In tele-robotics, similar to classical robotics, and even in associated technical fields such as driver assistance systems or general computer vision, the camera sensor scans a whole scene in the environment repeatedly with a certain data rate denoted frame rate. Monitoring the environment of the robot with a high frame rate, extracting scene elements of the dynamic scene in the environment, and generating image frames including not only color information but also depth information requires a high amount of computation resources with a high data rate. The slowest element in the image signal processing chain for generating the model on which operation of the robot is based determines an overall system operation rate of the tele-operating system. Hence, the maximum available computation resources determine an overall system operation rate of the tele-operating system.

It is an object of the disclosure to use less computation resources for extracting elements of a scene in the environment of the robot in order to improve system operation of the tele-operating system.

A computer-implemented method for generating a scene representation of an environment according to a first aspect, a non-transitory computer-readable storage medium embodying a program according to a second aspect, a computer-implemented-method for controlling a robot according to a third aspect, a perception system for generating a model of an environment of according to a fourth aspect, and a tele-robotic system according to a fifth aspect address this and related objects.

The computer-implemented method for generating a scene representation of an environment according to a first aspect of the disclosure comprises obtaining from at least one image sensor a sequence of images of the environment.

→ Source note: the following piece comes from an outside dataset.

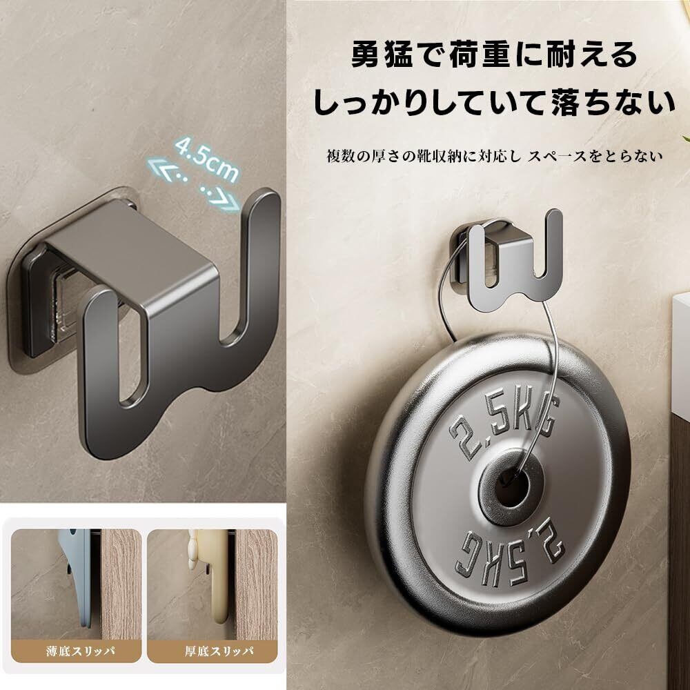 スリッパラック 壁掛け 強力粘着式 省スペース 玄関 浴室 ベランダ対応 スリッパ 収納 ラック 穴開け不要 壁面傷つけない おしゃれ 玄関スリッパ立て 室内サンダル収納ラック 2個セット

A region-of-interest detector determines regions of interest in images of the sequence of images. An information extractor obtains information on a location in the environment corresponding to the respective region of interest for each determined region of interest. A scene accumulator accumulates the obtained information corresponding to the regions of interest in order to generate the scene representation of the environment and an interface outputs the generated scene representation to at least one of a robot action planner controlling a tele-operated robot or via a display to an operator of the tele-operated robot.

The non-transitory computer-readable storage medium embodying a program of machine-readable instructions according to the second aspect causes the computing device to perform operations according to the first aspect when executed on a computing device.

The computer-implemented-method for controlling a tele-operating robot according to a third aspect comprises the steps of the computer-implemented method for generating a scene representation of an environment of the first aspect, and the method further comprises controlling the tele-operating robot based on the generated scene representation.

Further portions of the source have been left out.